The data below contains pictures, which are to be skipped; the lines starting at the line with "TikTokライト12000円招待キャンペーンで招待ポイントを獲得する前に…" and ending at the line with "4/6/21 – This" are to be output exactly, both ends included.

Records supplied
++++

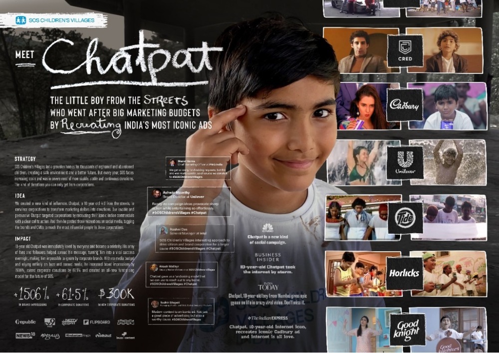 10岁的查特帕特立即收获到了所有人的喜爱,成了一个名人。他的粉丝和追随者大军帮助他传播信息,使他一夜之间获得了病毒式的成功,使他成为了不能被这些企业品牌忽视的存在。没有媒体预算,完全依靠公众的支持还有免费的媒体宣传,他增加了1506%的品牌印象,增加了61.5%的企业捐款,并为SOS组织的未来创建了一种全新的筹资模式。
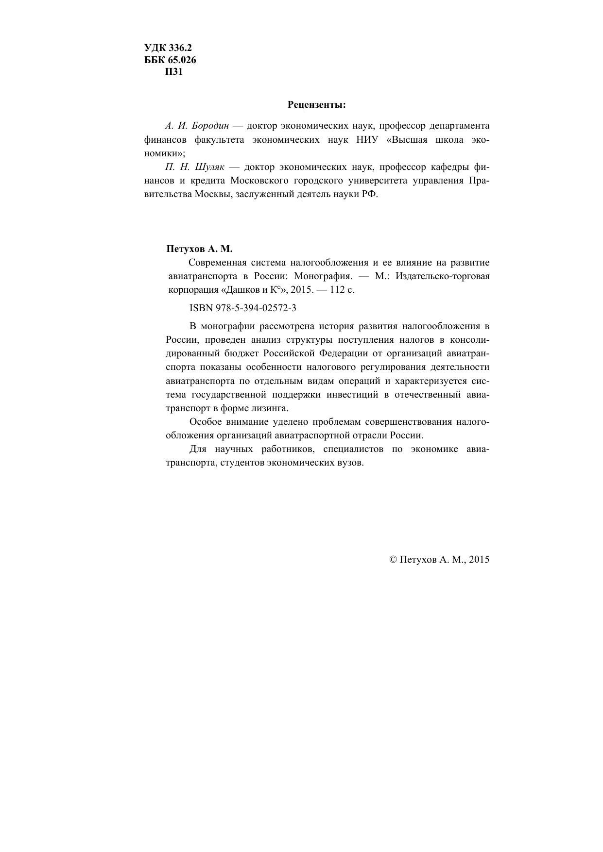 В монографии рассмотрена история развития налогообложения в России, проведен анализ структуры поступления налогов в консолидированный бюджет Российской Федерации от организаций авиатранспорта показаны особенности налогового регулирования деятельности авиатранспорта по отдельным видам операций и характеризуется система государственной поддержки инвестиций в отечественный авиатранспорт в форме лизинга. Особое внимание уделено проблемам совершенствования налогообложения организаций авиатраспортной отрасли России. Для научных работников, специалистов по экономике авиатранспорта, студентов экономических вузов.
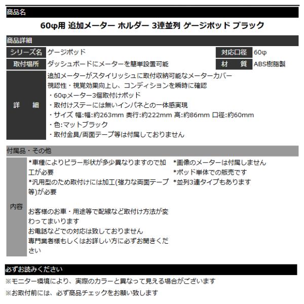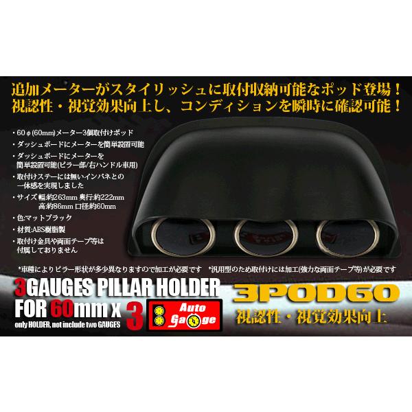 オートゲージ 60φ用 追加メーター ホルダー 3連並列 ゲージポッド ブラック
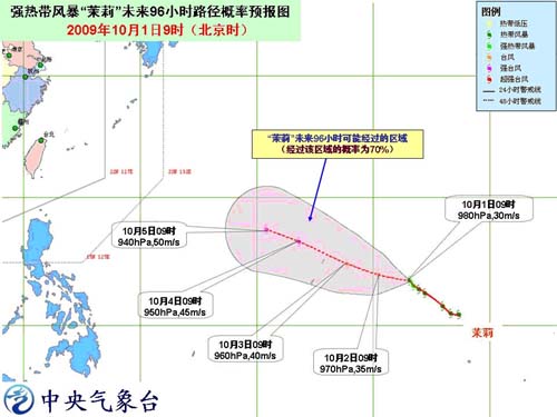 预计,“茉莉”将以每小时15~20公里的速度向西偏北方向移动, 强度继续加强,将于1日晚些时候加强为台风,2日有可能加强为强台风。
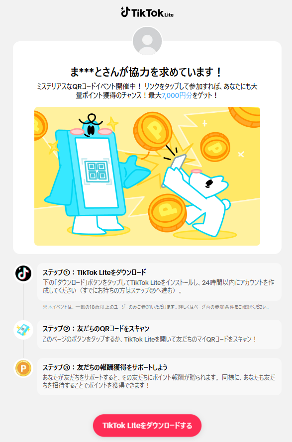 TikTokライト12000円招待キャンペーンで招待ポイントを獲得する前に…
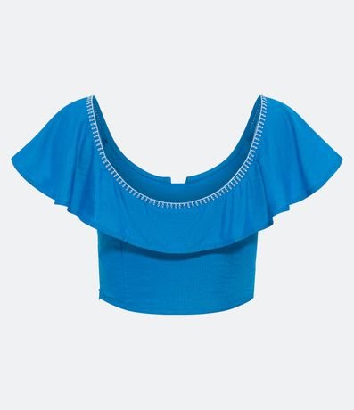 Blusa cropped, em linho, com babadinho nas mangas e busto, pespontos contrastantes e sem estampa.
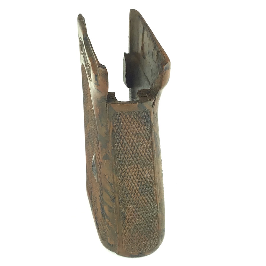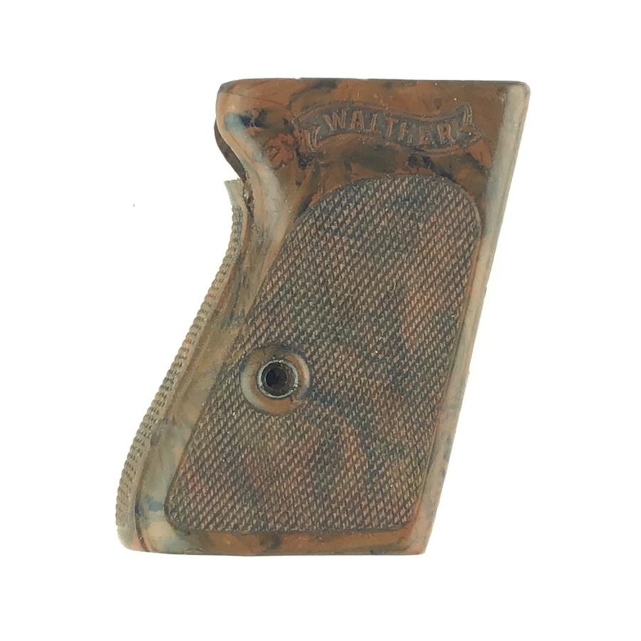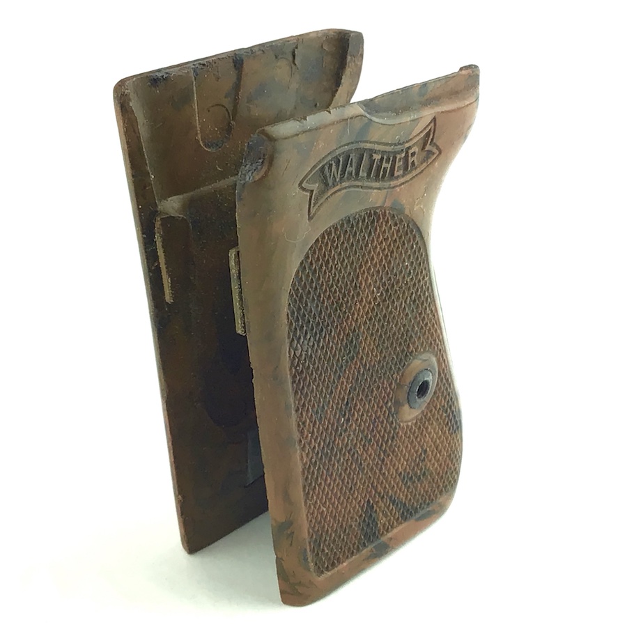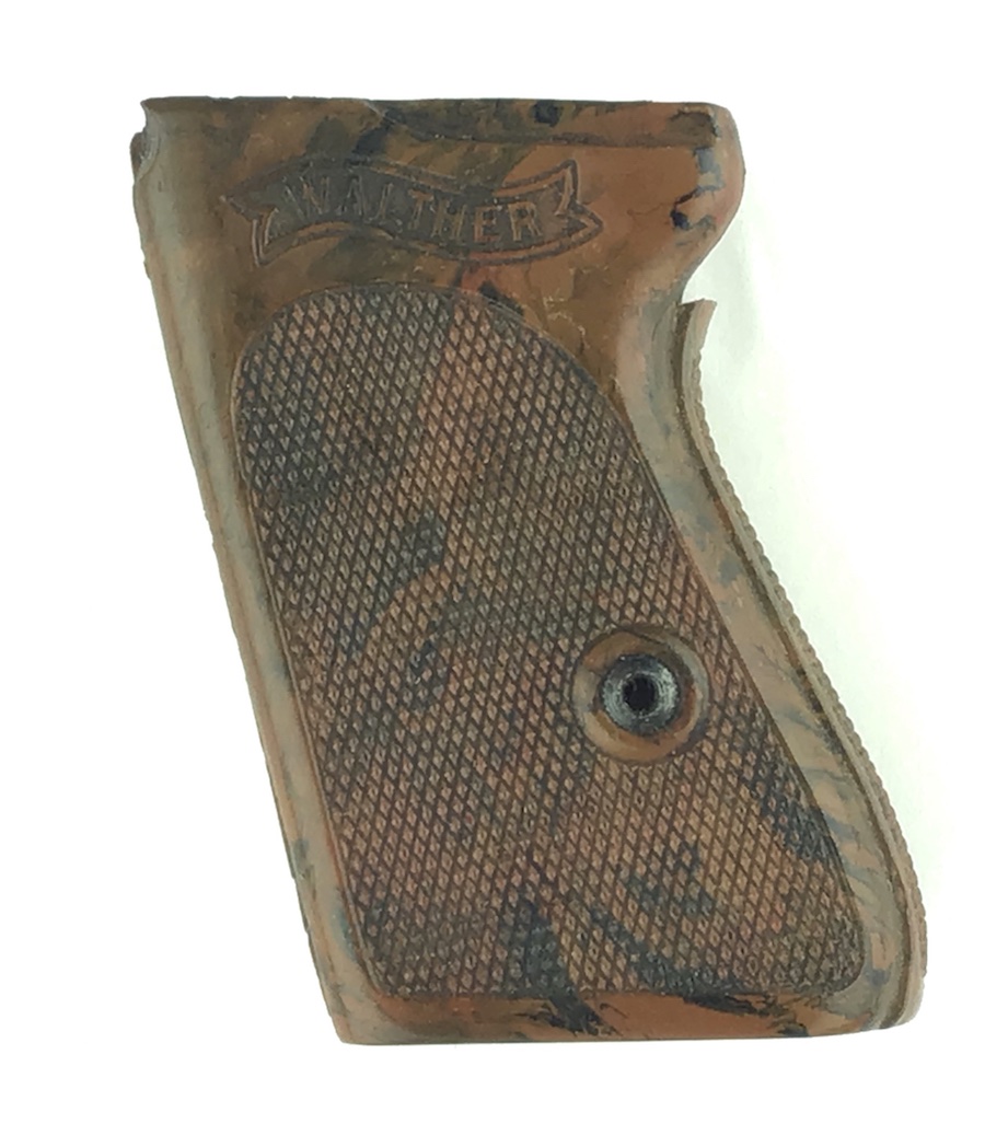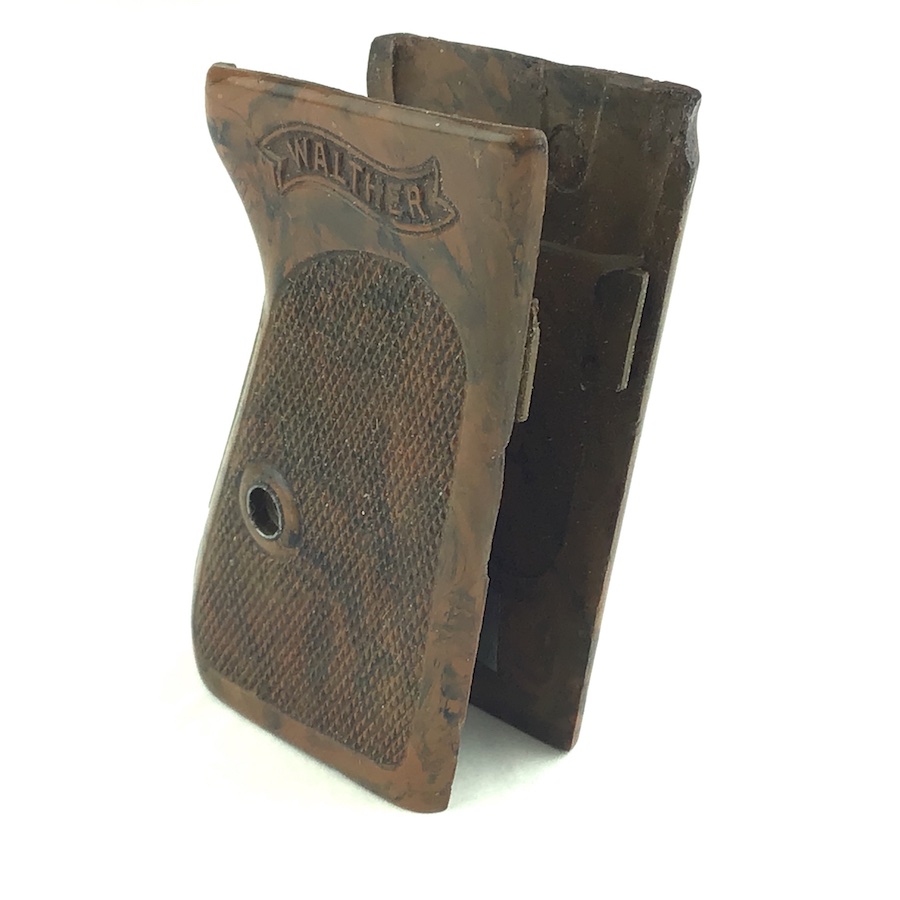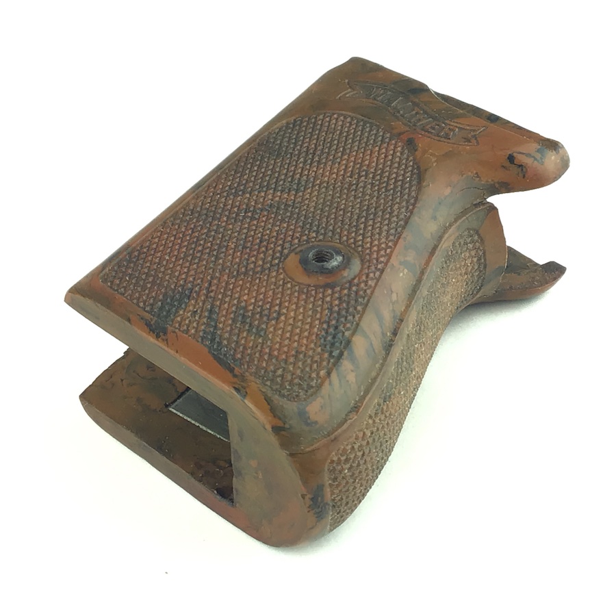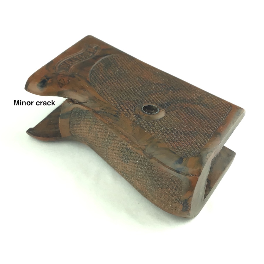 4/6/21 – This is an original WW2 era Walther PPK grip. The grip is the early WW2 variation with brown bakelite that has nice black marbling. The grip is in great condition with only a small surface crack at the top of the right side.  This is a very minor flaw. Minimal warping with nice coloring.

++++

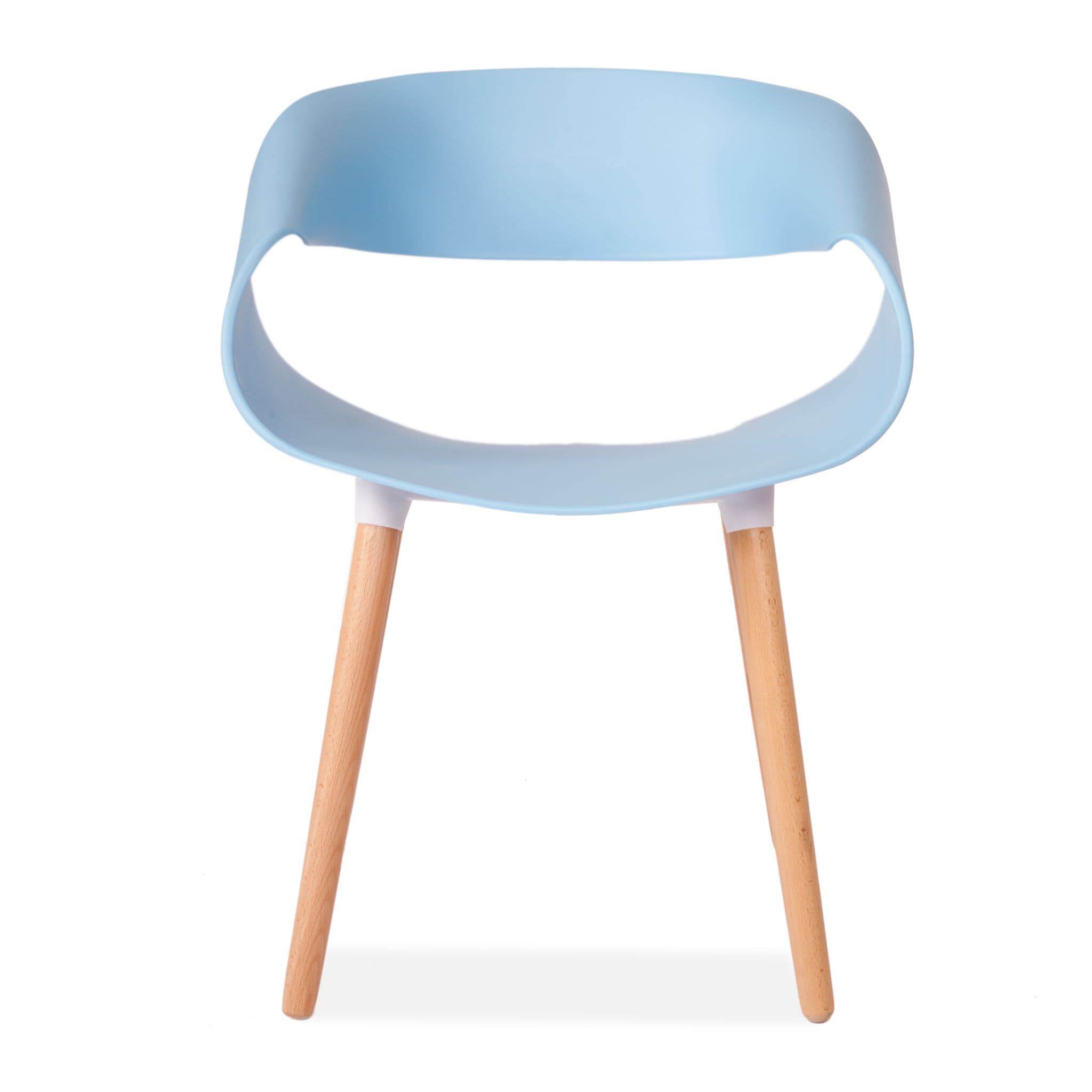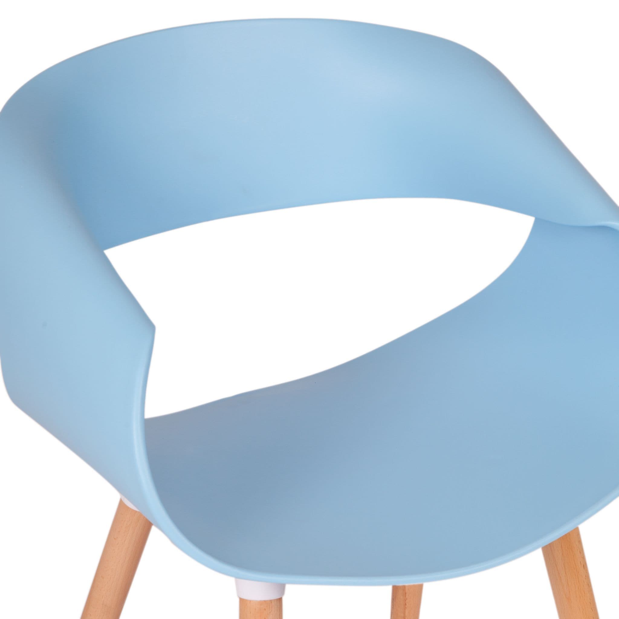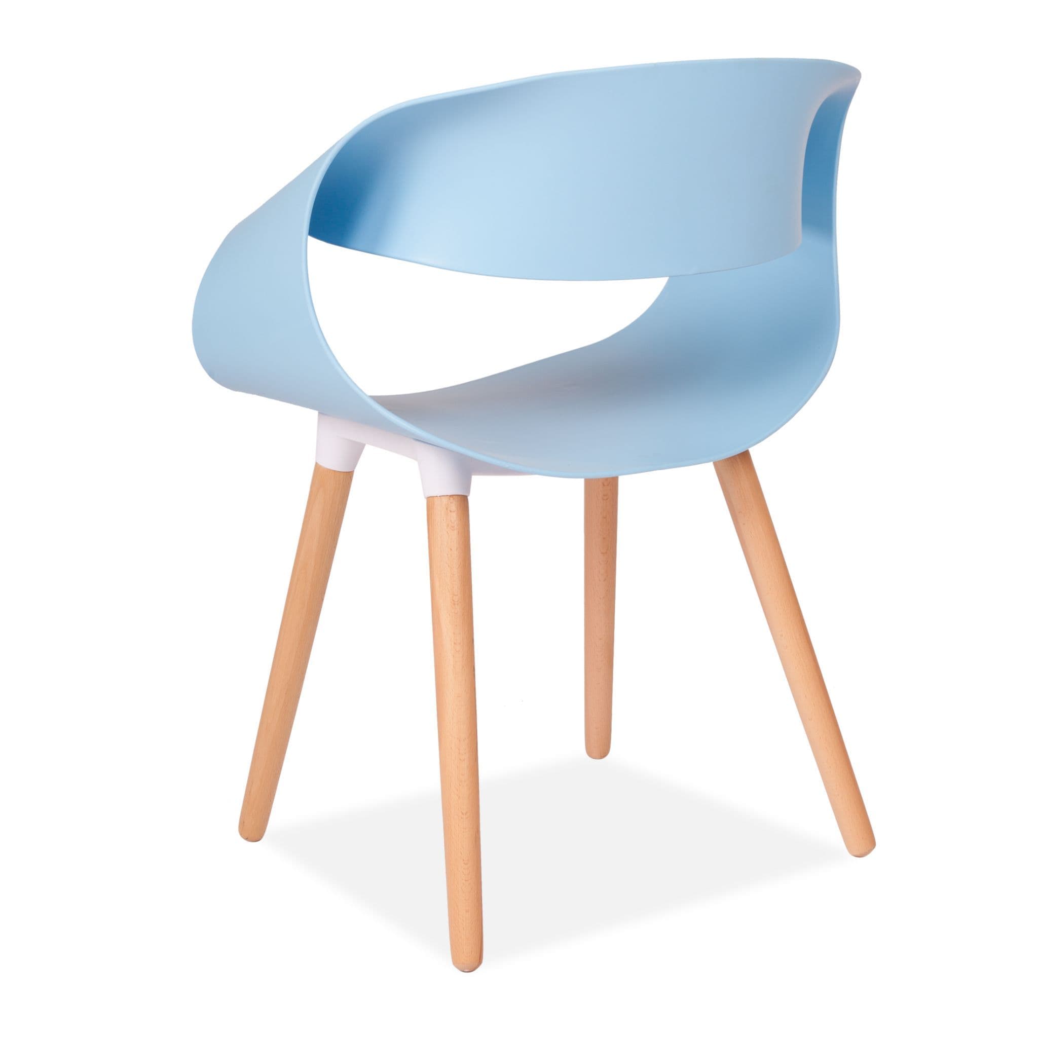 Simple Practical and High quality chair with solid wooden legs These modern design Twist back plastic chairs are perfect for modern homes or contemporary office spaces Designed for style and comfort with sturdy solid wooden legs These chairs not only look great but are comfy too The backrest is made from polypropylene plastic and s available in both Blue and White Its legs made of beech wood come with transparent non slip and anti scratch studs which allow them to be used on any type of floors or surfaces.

++++

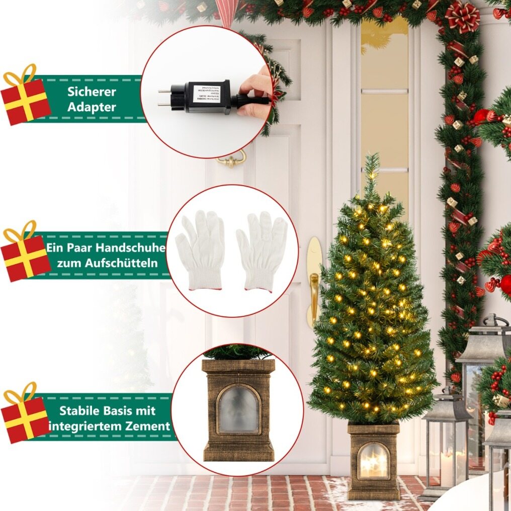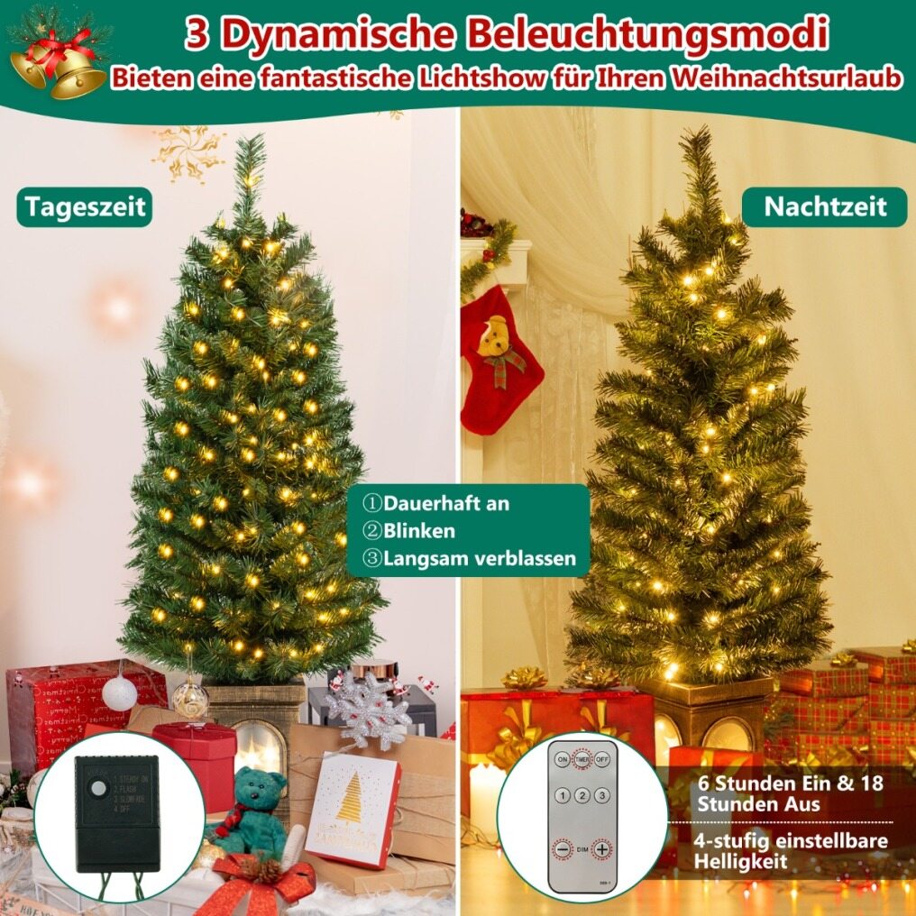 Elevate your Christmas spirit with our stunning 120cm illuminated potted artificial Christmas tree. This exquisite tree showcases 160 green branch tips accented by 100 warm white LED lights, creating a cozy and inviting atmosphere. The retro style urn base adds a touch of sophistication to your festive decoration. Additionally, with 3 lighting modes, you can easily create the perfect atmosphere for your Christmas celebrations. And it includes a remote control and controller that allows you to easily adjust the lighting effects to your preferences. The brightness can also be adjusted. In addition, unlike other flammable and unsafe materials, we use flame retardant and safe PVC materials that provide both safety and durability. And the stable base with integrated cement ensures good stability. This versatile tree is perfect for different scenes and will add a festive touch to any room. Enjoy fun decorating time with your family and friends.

++++

The answer
 TikTokライト12000円招待キャンペーンで招待ポイントを獲得する前に…
 Blusa cropped, em linho, com babadinho nas mangas e busto, pespontos contrastantes e sem estampa.
 4/6/21 – This is an original WW2 era Walther PPK grip. The grip is the early WW2 variation with brown bakelite that has nice black marbling. The grip is in great condition with only a small surface crack at the top of the right side.  This is a very minor flaw. Minimal warping with nice coloring.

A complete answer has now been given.